Reviewed-by: Ming Lei <ming.lei@redhat.com>
diff mbox

Patch

diff --git a/block/blk-sysfs.c b/block/blk-sysfs.c
index 52f57539f1c7..90de6337cc4d 100644
--- a/block/blk-sysfs.c
+++ b/block/blk-sysfs.c
@@ -921,6 +921,7 @@  int blk_register_queue(struct gendisk *disk)
 	mutex_unlock(&q->sysfs_lock);
 	return ret;
 }
+EXPORT_SYMBOL_GPL(blk_register_queue);
 
 void blk_unregister_queue(struct gendisk *disk)
 {
@@ -930,12 +931,15 @@  void blk_unregister_queue(struct gendisk *disk)
 		return;
 
 	spin_lock_irq(q->queue_lock);
-	queue_flag_clear_unlocked(QUEUE_FLAG_REGISTERED, q);
+	if (!queue_flag_test_and_clear(QUEUE_FLAG_REGISTERED, q)) {
+		/* Return early if disk->queue was never registered. */
+		spin_unlock_irq(q->queue_lock);
+		return;
+	}
 	spin_unlock_irq(q->queue_lock);
 
 	wbt_exit(q);
 
-
 	if (q->mq_ops)
 		blk_mq_unregister_dev(disk_to_dev(disk), q);
 
diff --git a/block/genhd.c b/block/genhd.c
index 00620e01e043..d4aaf0cae9ad 100644
--- a/block/genhd.c
+++ b/block/genhd.c
@@ -629,7 +629,7 @@  static void register_disk(struct device *parent, struct gendisk *disk)
 }
 
 /**
- * device_add_disk - add partitioning information to kernel list
+ * device_add_disk_no_queue_reg - add partitioning information to kernel list
  * @parent: parent device for the disk
  * @disk: per-device partitioning information
  *
@@ -638,7 +638,7 @@  static void register_disk(struct device *parent, struct gendisk *disk)
  *
  * FIXME: error handling
  */
-void device_add_disk(struct device *parent, struct gendisk *disk)

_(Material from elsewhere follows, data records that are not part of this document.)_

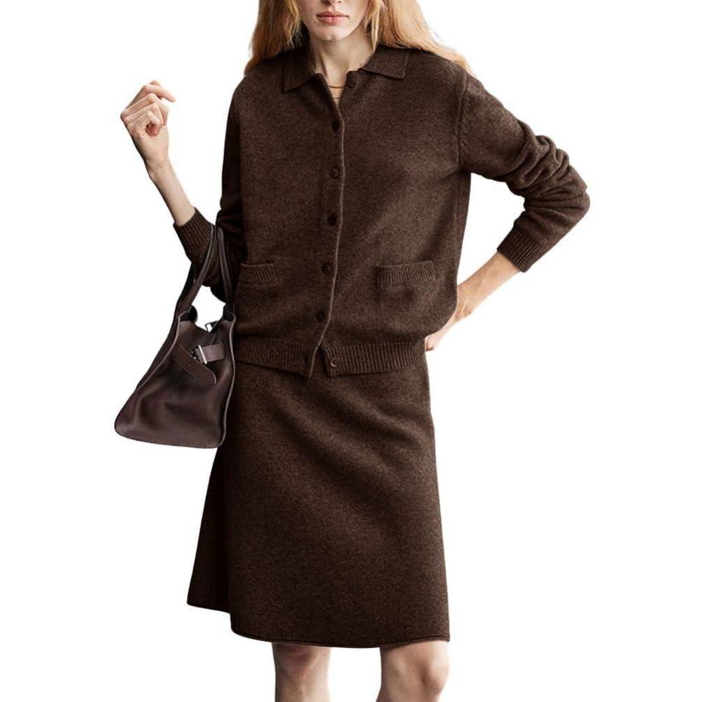 chouyatou Women’s 2 Piece Sweater Skirt Set Button Down Lapel Cardigan Midi Skirt Sets Travel Matching Outfits(Brown)
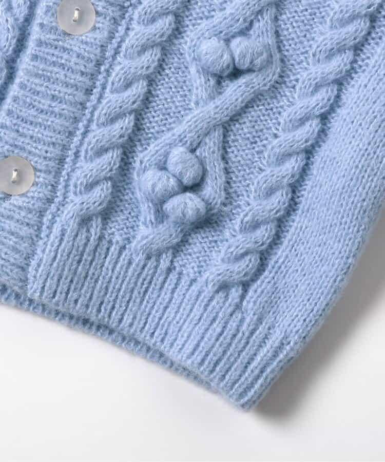 apres les cours "Pom-Pom Knit Baby Cardigan "是一款方便的單品,在寒冷時可快速穿上。可與內衣*疊穿。
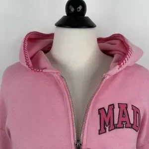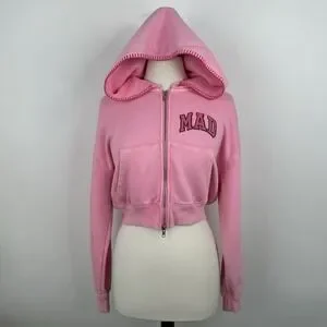 NWT GAP MadHappy Full Zip Crop Hoodie Sweatshirt MEDIUM Pink Embroidered Logo
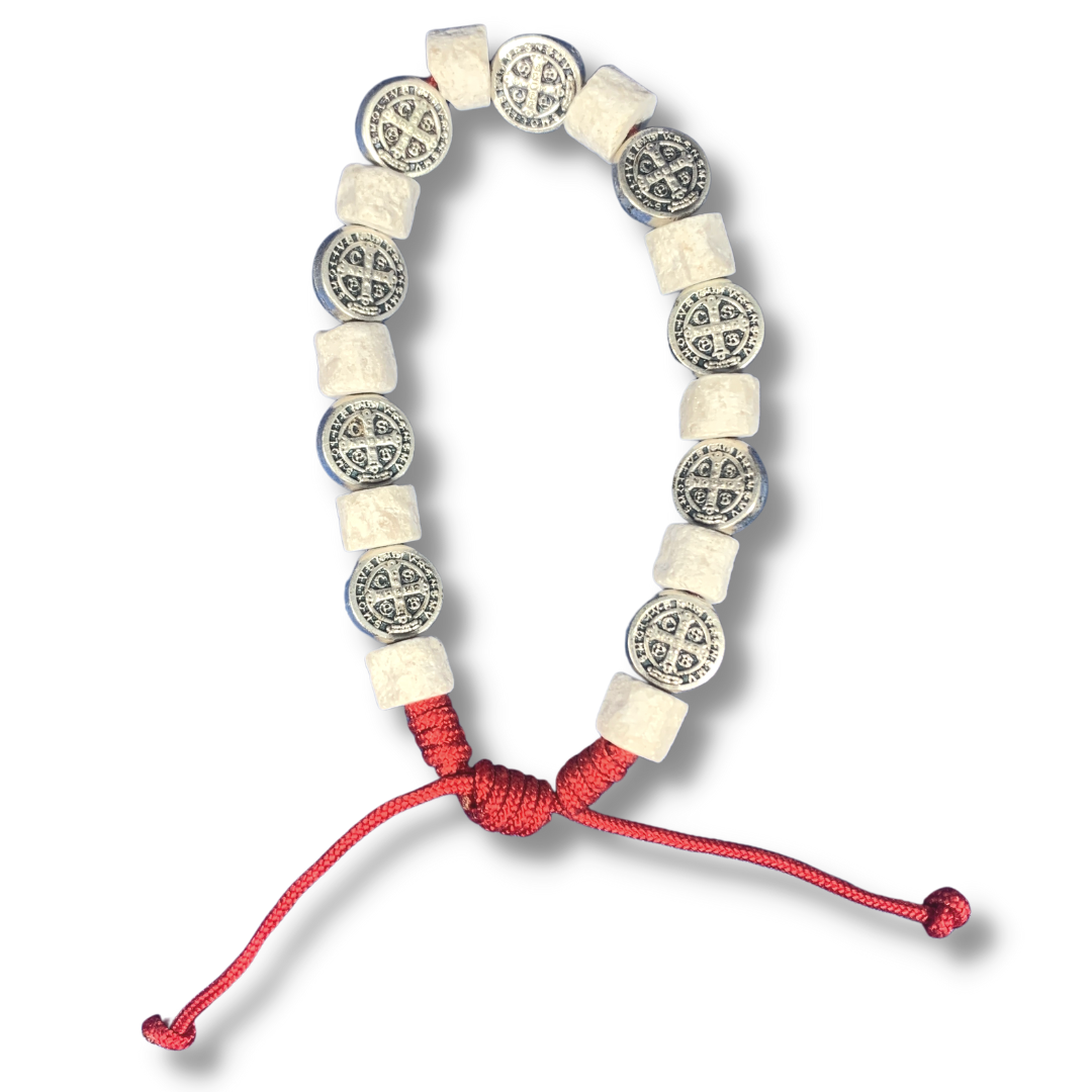 Stone and St. Benedict Medal Bracelet of Assorted Colors

+void device_add_disk_no_queue_reg(struct device *parent, struct gendisk *disk)
 {
 	dev_t devt;
 	int retval;
@@ -682,7 +682,6 @@  void device_add_disk(struct device *parent, struct gendisk *disk)
 				    exact_match, exact_lock, disk);
 	}
 	register_disk(parent, disk);
-	blk_register_queue(disk);
 
 	/*
 	 * Take an extra ref on queue which will be put on disk_release()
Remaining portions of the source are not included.